Warning: This documentation is for scikits.learn version 0.7.1. — Latest stable version

Contents

6.13.1. scikits.learn.grid_search.GridSearchCV

class scikits.learn.grid_search.GridSearchCV(estimator, param_grid, loss_func=None, score_func=None, fit_params={}, n_jobs=1, iid=True, refit=True, cv=None)

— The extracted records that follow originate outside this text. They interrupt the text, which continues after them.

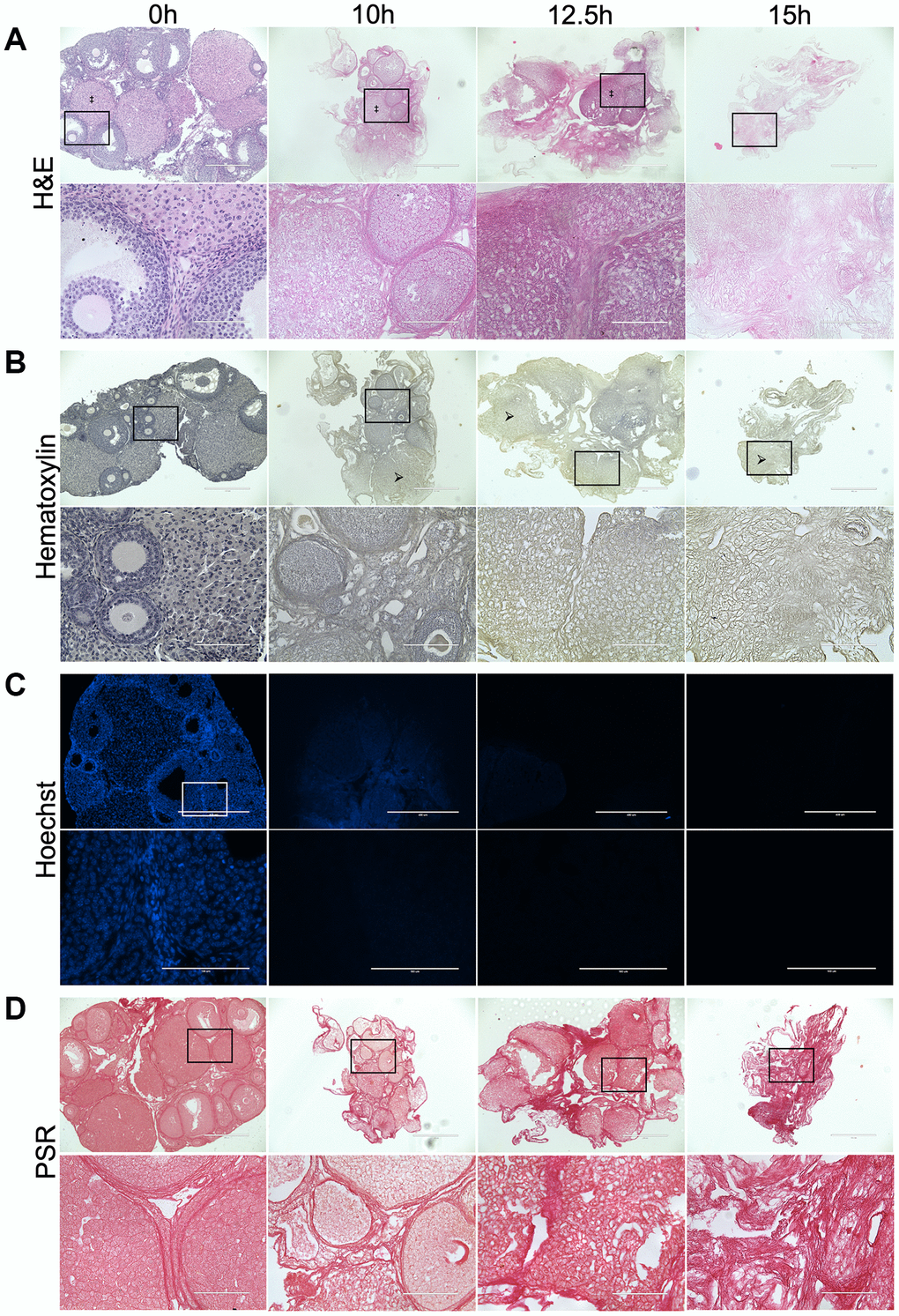 As longer exposure to detergent may compromise the ECM, we performed a time-course with 0.1% SDS treatment for 0, 10, 12.5, or 15 hours to establish the minimum amount of time needed to remove cells without perturbing ECM integrity. Although nuclear material was still visible following 10-hour treatment, most was effectively removed at 12.5 and 15 hours as assessed by H&E, Hematoxylin, and Hoechst staining of tissue sections to visualize DNA (Figure 2A–2C). However, the structure of the collagen-matrix as assessed by PSR staining was better maintained following 0.1% SDS treatment for 12.5 hours compared to 15 hours (Figure 2D). In fact, ovarian structures, including corpora lutea, were still distinguishable in tissue sections from ovaries treated with 0.1% SDS for 12.5 hours (Figure 2A). Thus, we used 0.1% SDS for 12.5 hours to enrich for the ovarian ECM for all downstream studies.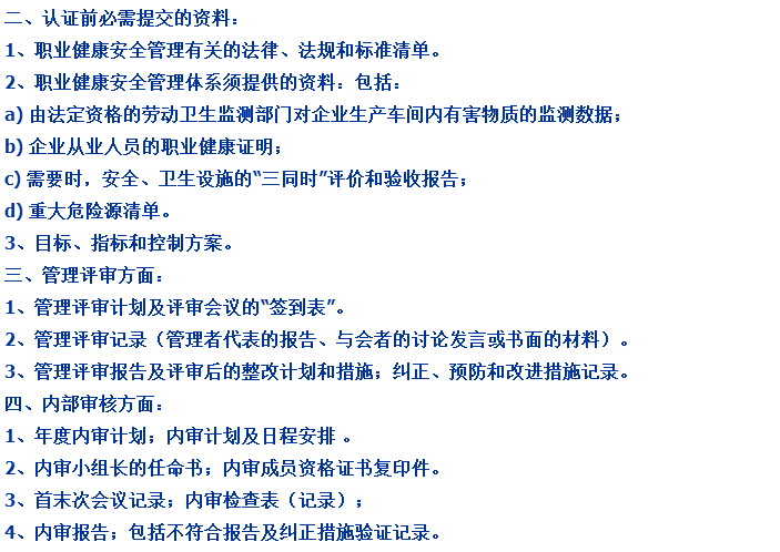 ohsas18001認(rèn)證所需要的資料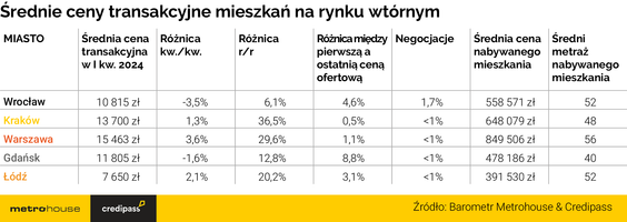 - W większości miast - i na rynku wtórnym, i na pierwotnym, w I kw. 2024 r. odnotowaliśmy kolejne wzrosty cen – mówi Marcin Jańczuk, współautor raportu „Barometr Metrohouse i Credipass". - Wydłuża się jednak czas sprzedaży mieszkań, co jest konsekwencją zarówno większej podaży, jak i mniejszego popytu na lokale w porównaniu z ostatnim kwartałem 2023 r.

Grid search on the parameters of a classifier

Important members are fit, predict.

GridSearchCV implements a “fit” method and a “predict” method like any classifier except that the parameters of the classifier used to predict is optimized by cross-validation

Parameters :

estimator: object type that implements the “fit” and “predict” methods :

A object of that type is instanciated for each grid point

param_grid: dict :

a dictionary of parameters that are used the generate the grid

loss_func: callable, optional :

function that takes 2 arguments and compares them in order to evaluate the performance of prediciton (small is good) if None is passed, the score of the estimator is maximized

score_func: callable, optional :

function that takes 2 arguments and compares them in order to evaluate the performance of prediciton (big is good) if None is passed, the score of the estimator is maximized

fit_params : dict, optional

parameters to pass to the fit method

n_jobs: int, optional :

number of jobs to run in parallel (default 1)

iid: boolean, optional :

If True, the data is assumed to be identically distributed across the folds, and the loss minimized is the total loss per sample, and not the mean loss across the folds.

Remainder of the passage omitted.